##### RECORDS SUPPLIED #####

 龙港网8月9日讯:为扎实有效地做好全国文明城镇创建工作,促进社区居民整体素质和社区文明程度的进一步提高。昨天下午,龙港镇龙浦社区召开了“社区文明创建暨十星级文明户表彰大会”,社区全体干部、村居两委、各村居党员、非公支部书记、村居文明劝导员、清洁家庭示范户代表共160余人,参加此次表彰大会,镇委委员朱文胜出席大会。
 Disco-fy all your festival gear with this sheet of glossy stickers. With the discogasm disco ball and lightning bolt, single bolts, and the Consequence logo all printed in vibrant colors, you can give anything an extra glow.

#####
##### RECORDS SUPPLIED #####

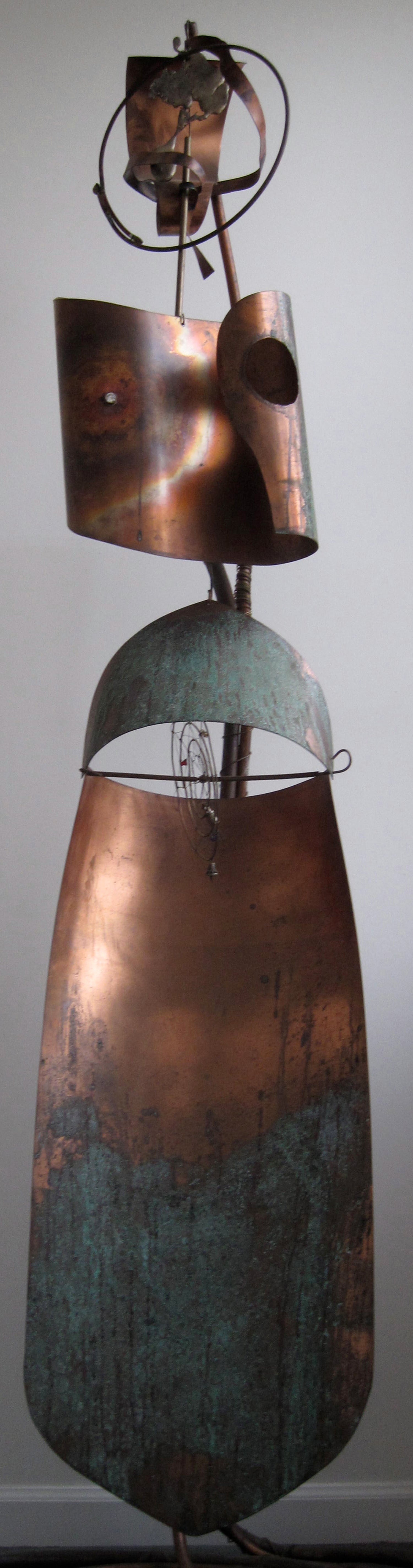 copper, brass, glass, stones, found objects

#####
##### RECORDS SUPPLIED #####

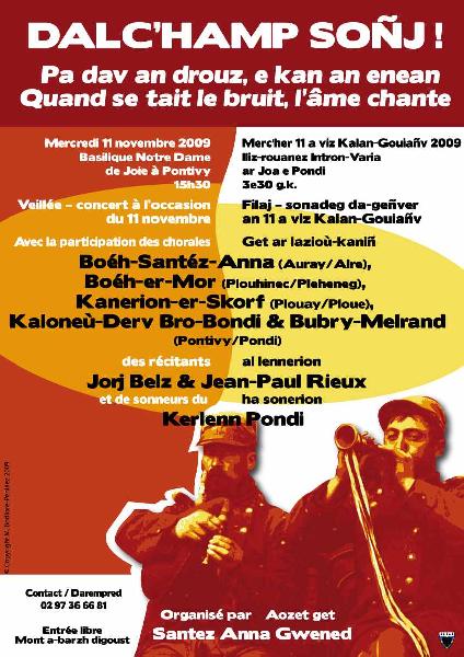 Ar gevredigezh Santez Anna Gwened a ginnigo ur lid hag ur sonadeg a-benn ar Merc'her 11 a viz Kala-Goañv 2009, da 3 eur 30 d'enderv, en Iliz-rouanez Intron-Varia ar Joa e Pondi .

#####

> DIRECTIONS
With the line holding "龙港网8月9日讯:为扎实有效" as the first and the line holding "Disco-fy all your" as the last, set down that range of the entries above exactly, and nothing else.

> PROBLEM SOLUTION
 龙港网8月9日讯:为扎实有效地做好全国文明城镇创建工作,促进社区居民整体素质和社区文明程度的进一步提高。昨天下午,龙港镇龙浦社区召开了“社区文明创建暨十星级文明户表彰大会”,社区全体干部、村居两委、各村居党员、非公支部书记、村居文明劝导员、清洁家庭示范户代表共160余人,参加此次表彰大会,镇委委员朱文胜出席大会。
 Disco-fy all your festival gear with this sheet of glossy stickers. With the discogasm disco ball and lightning bolt, single bolts, and the Consequence logo all printed in vibrant colors, you can give anything an extra glow.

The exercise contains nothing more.